++++ Dataset entries ++++

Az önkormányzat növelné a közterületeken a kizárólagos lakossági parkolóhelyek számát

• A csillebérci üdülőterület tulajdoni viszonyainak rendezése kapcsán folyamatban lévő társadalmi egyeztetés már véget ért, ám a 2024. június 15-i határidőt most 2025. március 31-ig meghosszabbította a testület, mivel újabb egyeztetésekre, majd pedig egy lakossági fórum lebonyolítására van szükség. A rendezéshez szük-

++++
++++ Dataset entries ++++

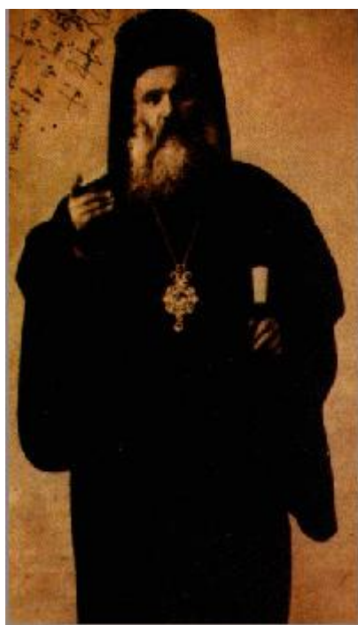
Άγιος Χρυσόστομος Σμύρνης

++++

Task prompt
Using the listing above, copy exactly the line that contains "Az önkormányzat növelné", the line that contains "A csillebérci üdülőterület", and each line that falls between them.

Reply to the task
Az önkormányzat növelné a közterületeken a kizárólagos lakossági parkolóhelyek számát

• A csillebérci üdülőterület tulajdoni viszonyainak rendezése kapcsán folyamatban lévő társadalmi egyeztetés már véget ért, ám a 2024. június 15-i határidőt most 2025. március 31-ig meghosszabbította a testület, mivel újabb egyeztetésekre, majd pedig egy lakossági fórum lebonyolítására van szükség. A rendezéshez szük-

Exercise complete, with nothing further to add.